Have you ever surprised yourself in a race with a faster finish than you expected?

Unstructured training (break) between training

I’ve been enjoying a little unstructured time since my last race, and it’s been great to get extra sleep and decide how I’m feeling in the morning to determine what kind of workout or run I want to do. Cadence still does not sleep through the night at 19 months, and I feel like I’ll be digging myself out of this sleep deprivation hole until she graduates from high school.

My favorite runs have been with Cadence in the stroller, and I forgot how challenging that can be!  It’s so fun, but we haven’t done any high mileage together, and I think Cadence is at an age where she’s not about to fall asleep and risk the chance of missing anything. We ran 13 miles together on Saturday, which I managed to extend from our usual hour by bribing her with Cliff bar bites throughout the run.

I’ve been getting at least 45-60 min of cardio a day, as well as 3x upper body and 3x lower body strength work each week.  My legs don’t feel quite as fresh and fast as I’d like for them to be, but I have no goals this month that require for me to push hard, so I’m enjoying a little less speed and a little more baby time.

I plan to keep May unstructured and move back into training in June/July for non-goal races.  I am signed up for the Peachtree Road Race 10k on July 4, and I’m also running the San Francisco Marathon (as an elite!) on July 23.  Neither of these races are A goal races, but I want to perform well and have a good time.  There are a couple of other races that I’m considering, but nothing else on the calendar.

I will most definitely be focusing on road racing for a bit now that Gorge Waterfalls 100k is behind me.  I just don’t have the bandwidth to run on trails enough to be competitive on the technical stuff.  Plus, I really like road racing.
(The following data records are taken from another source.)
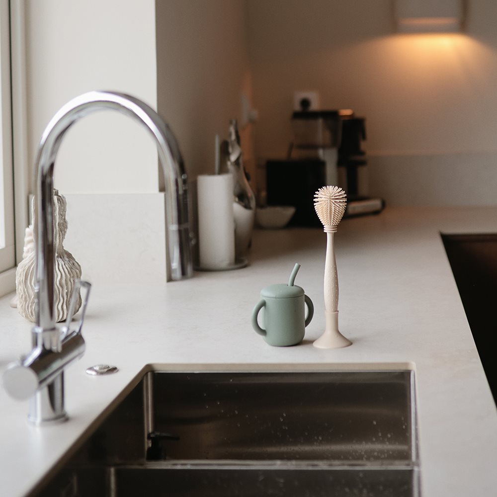 Од другата страна помалата глава на четката е совршена за прецизно чистење на цуцлитеза шишиња но, и за тесни простори. Помалиот крај удобно се складира во основата за вшмукување, минимизирајќи го нередот во кујната и овозможувајќи да е четката лесно достапна. Ергономска текстуирана рачка обезбедува удобно држење, овозможувајќи им на родителите лесно и темелно чистење.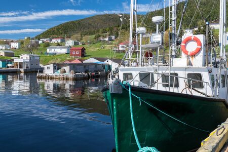 Fishing boats docked in villages' harbours in Bonavista. Newfoundland, Canada. Newfoundland fishing villages see boats at rest for the day on calm coastal water.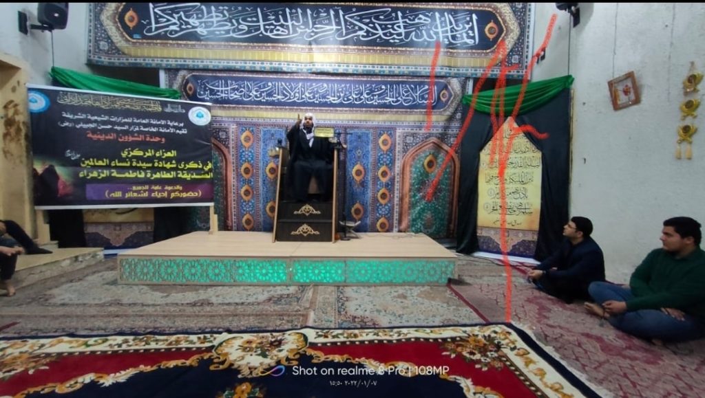 في أجواءٍ ملؤها الحُزن والأسىٰ والمواساة لصاحب العصر و الزمان (عجلَ اللهُ تعالىٰ فرجهُ الشّريف) وبرعايةِ الأمانةِ العامّةِ للمزاراتِ الشيعيةِ الشريفةِأقامت الأمانةُ الخاصّة لمزارِ السيد حَسن الجُبيليّ (رضوان الله تعالىٰ عليه) / وحدة الشؤون الدينية في البصرة مجلسَ عزاءٍ بذكرىٰ استشهاد السيدة فاطمة الزهراء (عليها السَّلام) وفق الرواية الثالثة .حيثُ اُفتتح المجلسُ بتلاوةٍ مباركةٍ من الذكرِ الحكيم للقارئ سجاد مشتاق أحد طلبة وحدة القُرآن الكريم في المزارِ الشريف ، ثمَّ أرتقىٰ المِنبر سماحة الشيخ كرار البحرانيّ ، مُتحدّثاً عن مصائب الزهراء (عليها السَّلام) ، بحضورِ جمعٍ من الزائرين المُعزين بهذه الذكرىٰ الأليمة .

Based on my last race at Gorge, and my future goals, my two main areas of focus are 1. getting stronger on the hills (San Fransisco!) and 2. being mentally tough and confident.  I felt so strong for my sub 3 hour marathon in January, but it all kind of unraveled for me when I got out on the course of Gorge. But that’s how you grow. 🙂

There’s a quote by Alan Webb that I love: “Experience is something that you gain… after you need it so much.” So true, huh?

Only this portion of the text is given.